As per recent multinational, randomized, double-blind
trial published in Mabs Journal, the rituximab (RTX) and its biosimilar CT-P10
appeared to have identical immunogenicity, pharmacodynamics, safety and efficacy measures in managing
rheumatoid arthritis (RA). Park W and colleagues conducted the trial within 372
RA patients, out of which 161 patients allocated to CT-P10 group and 211 to RTX
group.

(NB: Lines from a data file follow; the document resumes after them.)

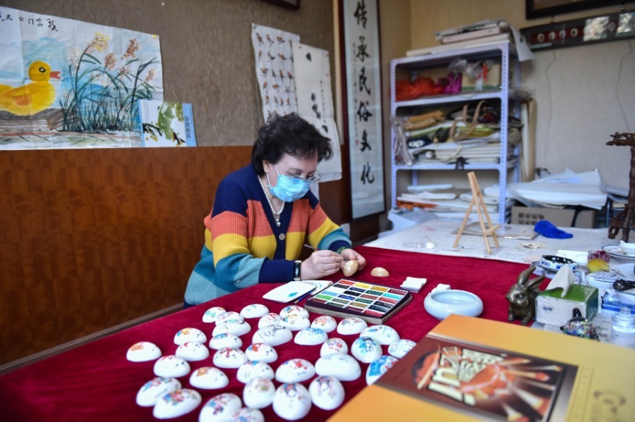 As the world is battling the COVID-19 epidemic, Folk artist Zhao Wei recently created a series of eggshell carvings showcasing people's fighting spirit during the ongoing crisis. Egg carving is a traditional folk art form that originates from the custom of giving carved eggs as gifts at weddings and birthday parties. It is a sophisticated craft as it often involves engraving, painting, as well as embroidery. Given that the carving is conducted on eggshells, it is often called "the most fragile art,", which requires ultimate precision. [Photo/Xinhua] |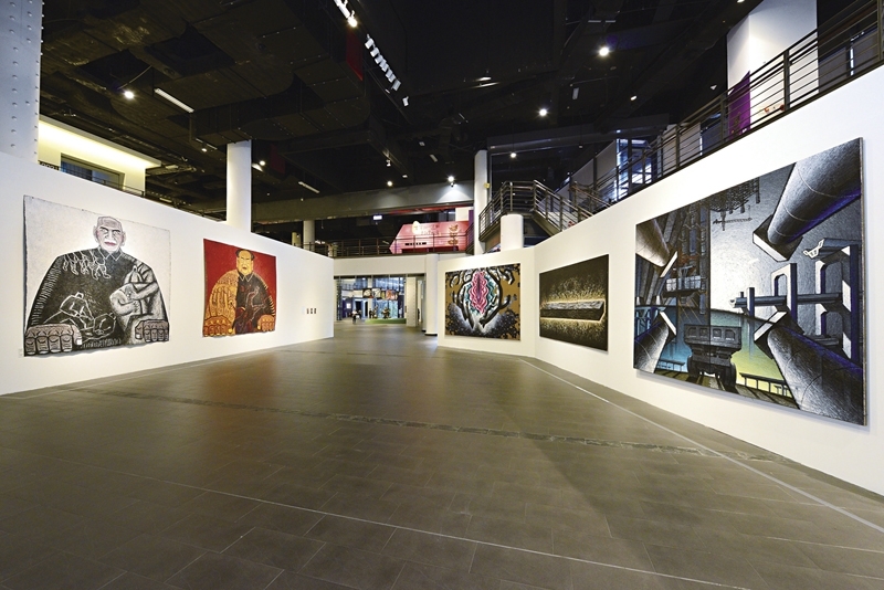 美術街展區,左為吳天章《關於蔣介石的統治》、《關於毛澤東的統治》,右為陸先銘《對她的仰望》、楊仁明《思考中的知識份子》、郭維國《新樂園》。(圖/國立台灣美術館)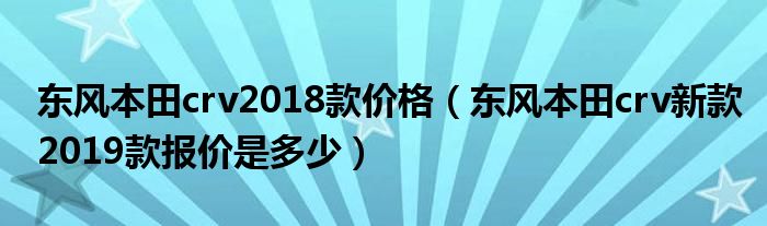 大家好,阳阳来为大家讲解下。东风本田crv2018款价格,东风本田crv新款2019款报价是多少很多人还不知道,现在让我们一起来看看吧!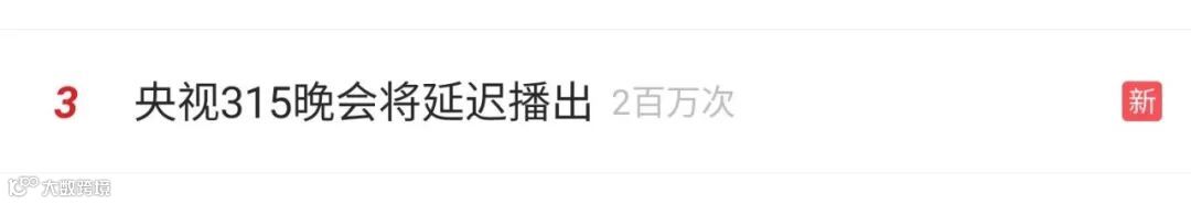 今天,央视315晚会延迟播出的消息冲上热搜了!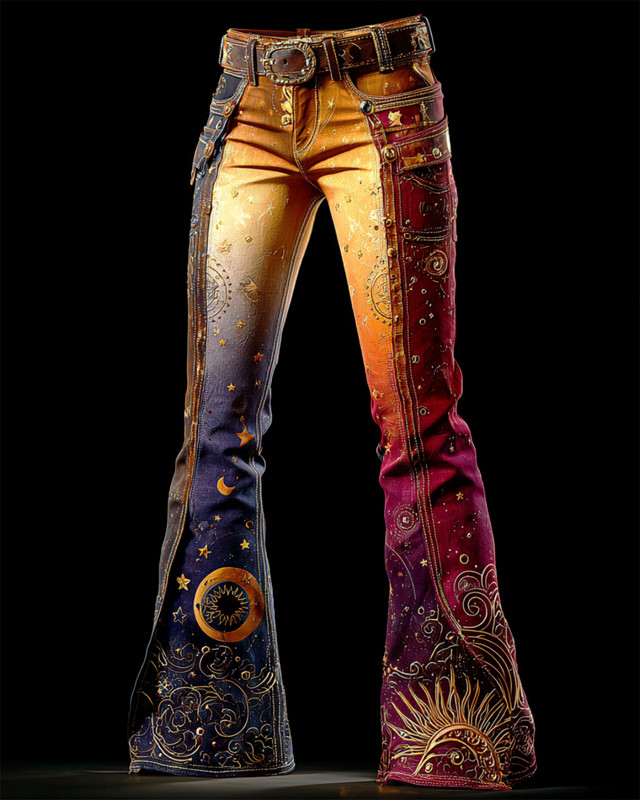 Women's autumn and winter star and moon embroidered contrast color stitching flared pants 51ac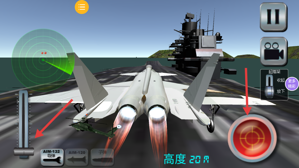 1、选择任务模式后进入驾驶舱,通过虚拟摇杆控制飞行高度与方向。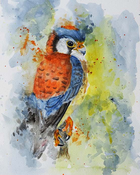 Vibrant 8x10 watercolor of an American Kestrel, painted on Aquabord—perfect for bird lovers, art collectors, and home décor. Prints are available too.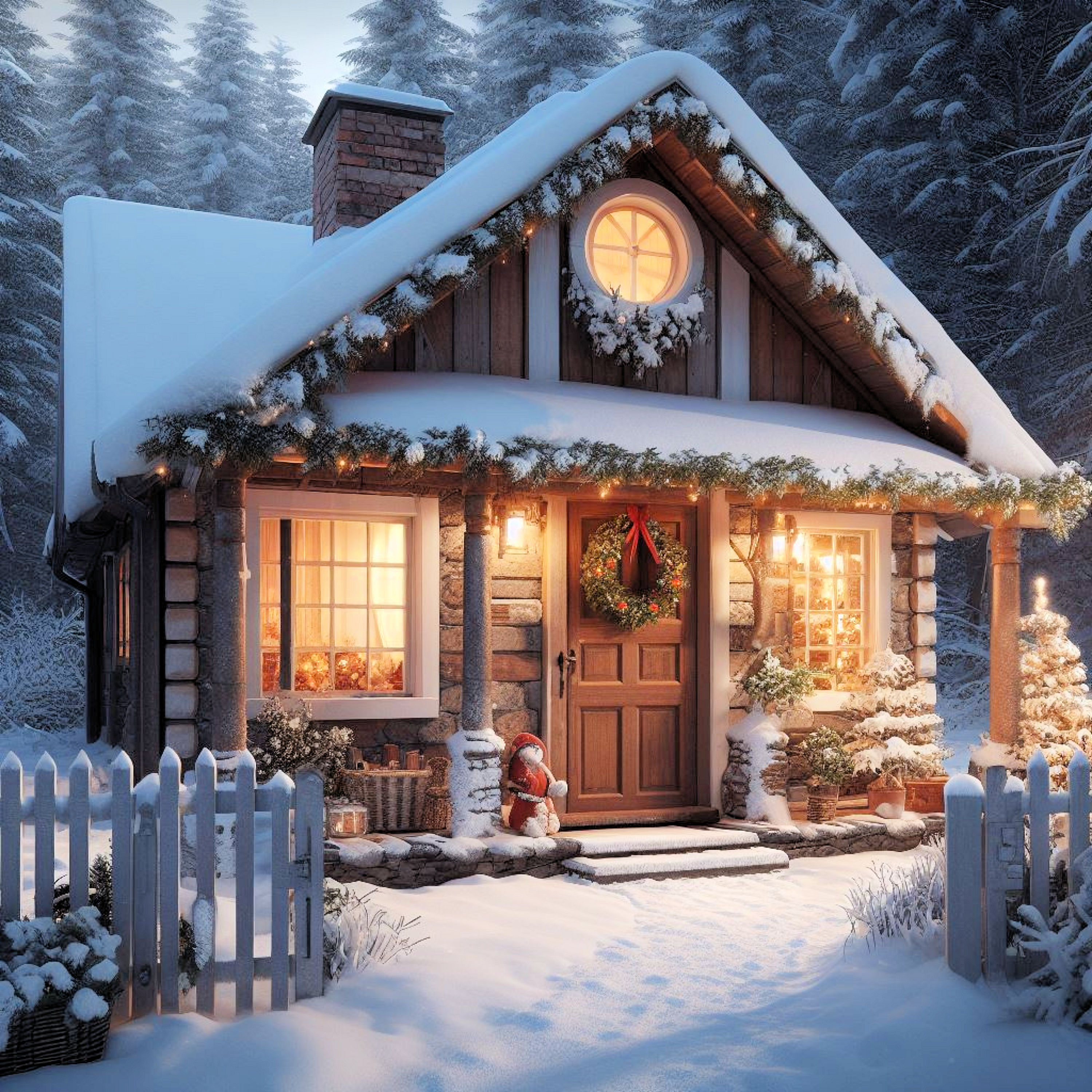 This cross stitch pattern depicts a picture of a cottage decorated for Christmas.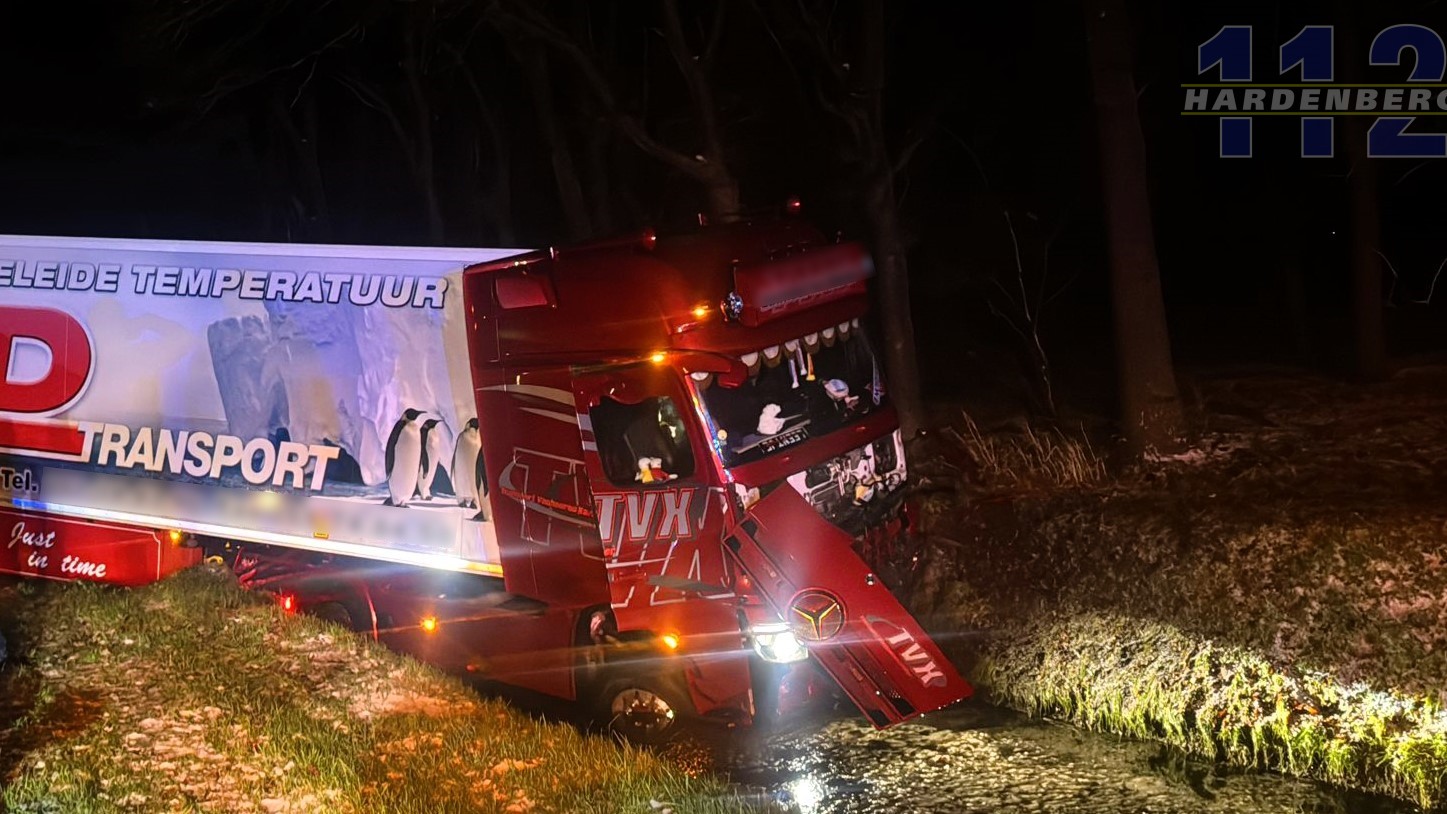Kort na middernacht is een vrachtwagen in de sloot gereden tussen Dedemsvaart en Balkbrug.

The change in primary efficacy endpoint from baseline to week 24 was
measured through Disease Activity Score 28 (by using joints-C-reactive
protein). The AUC from time zero to last
measurable concentration, from time zero to infinity and maximum level after
two infusions were used to measure co-primary pharmacokinetic endpoints. The
safety, immunogenicity and pharmacodynamics were also determined.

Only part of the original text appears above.